Abstract:
The molecular aspect of a reaction governs the applied methodology and the corresponding
properties of a reaction under investigation. Unlike ensemble measurement techniques, single-
molecule (SM) studies provide platforms for analysing individual molecular activities and accessing several dynamics aspects like the lifetime of intermediates, the temporal fluctuations in the reaction rates, the rate-determining step, predicting reaction mechanisms, the correlation between events, the probability distribution function (PDF) associated with a stochastic process and related statistical measurements. For analytically analysing these stochastic networks, one requires appropriate theoretical frameworks for constructing the PDF
of interest.
The thesis titled ‘Probing Dynamic Disorder in Single-Molecule Event Statistics’ emphasises on some applications of the theoretical formalisms (the first-passage time distribution formalism and the waiting-time distribution formalism) for mathematically modelling SM reaction networks associated with an enzyme and a nanoparticle (NP). We have implemented discrete-state models on enzymatic systems undergoing reversible interconversions between different conformational states and calculated the noise. We have also applied these frameworks on NP catalysed reactions for exploring the underlying dynamics of chemical reactions and quantifying the temporal activity fluctuations.

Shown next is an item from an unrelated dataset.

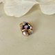 陶片上的手绘图案为京烧风格,搭配了菱锰矿(Inca Rose)与淡水珍珠。

Stochastic processes can also be modelled using continuous modelling methods. We have developed a theoretical method to derive the PDF of time taken by a molecule in crossing a barrier (the transit time distribution) using a generalized Langevin Equation (GLE) comprising different force components.
All these theoretical investigations and numerical analyses provide platforms for a better understanding of biochemical/biophysical processes.